A Different Beat moves Moore away from his familiar style of rock music towards a groove-based, dance-oriented style. Tim Jones of Record Collector called the album a straight-up dance album that exemplifies "a new, energising guitar/electro-beat, albeit within a bluesy setting", and felt the musician gives dance music "his own cutting-edged treatment". The Irish Times named it an experimental pop record, similarly to Dark Days in Paradise. The music features loops, samples, dance beats, programmed rhythms, and inimitable melodies, and works in elements of rock, soul, funk, country, and drum and bass. Despite the experimentation, the album features some of Moore's trademark guitar solos over the dance beats, while his mid-Atlantic singing accent is also retained. In an interview for Friday Rock Show, the musician considered his change in direction be "no big deal", adding: "I always do what I feel like and there's enough people out there making the same record over and over again. They don't need me to do it."
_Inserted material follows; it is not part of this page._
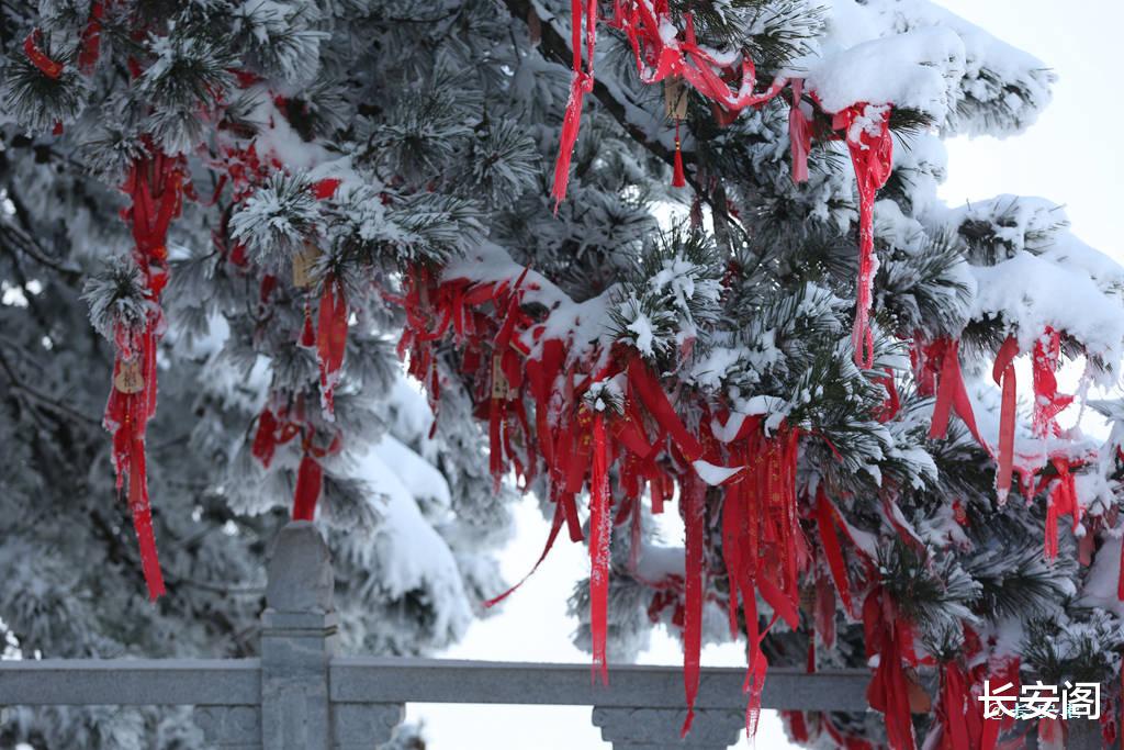 沿着登山步道往上走,途经始建于唐代的圣寿寺,红墙在白雪映衬下红得更艳,寺内千年古槐虽枝桠光秃,却透着历经岁月的苍劲,相传唐代高僧玄奘曾在此停留讲经,如今雪落古槐枝,仿佛还能听见当年的诵经声。

"Lost in Your Love" features impassioned vocals and instrumentation, while "Surrender" is "blissed-out" and explores "the other end of the emotional scale entirely." "Fatboy" is a lighthearted tribute to Fatboy Slim, one of Moore's main influences for the album, and was built around a riff that he wrote after reading an interview with the producer. Moore admired Slim for the "60s, sunny optimism to his music that makes you feel good" and expressed a wish to work with him. The guitarist's cover of Hendrix's "Fire" is fast-paced; he credited the original version as a predecessor to the album's style, saying: "It's got a jungley rhythm, and when he made Electric Ladyland, he had a house beat, flashing lights–a rave! He also rapped over a lot of beats, so he was the first. If he was around today, he'd be into dance." "Bring My Baby Back" is a pictorial description of "a jilted lover's impending train ride to attempt a rescue of his former love."

==Release and reception==

A Different Beat was Moore's first album after leaving Virgin Records. Instead, he signed to Castle Music, who released the record on their Raw Power imprint on 27 September 1999. In the United States, the album's release was part of Castle's Midem 2000 campaign. In his Record Collector article, Jones predicted the album could further baffle "some die-hard metal and blues aficionados" after Jeff Beck's experiments with dance music earlier in 1999 on Who Else!, though felt that the enthusiastic audience for Moore's Shepherd's Bush Empire gig in October could ensure Beck "should have nothing to worry about." However, as with Dark Days in Paradise, the album did not significantly engage Moore's audience, and only reached number 133 on the UK Albums Chart. Drummer Darrin Mooney joined Moore on the accompanying tour and remained his drummer into the 2000s."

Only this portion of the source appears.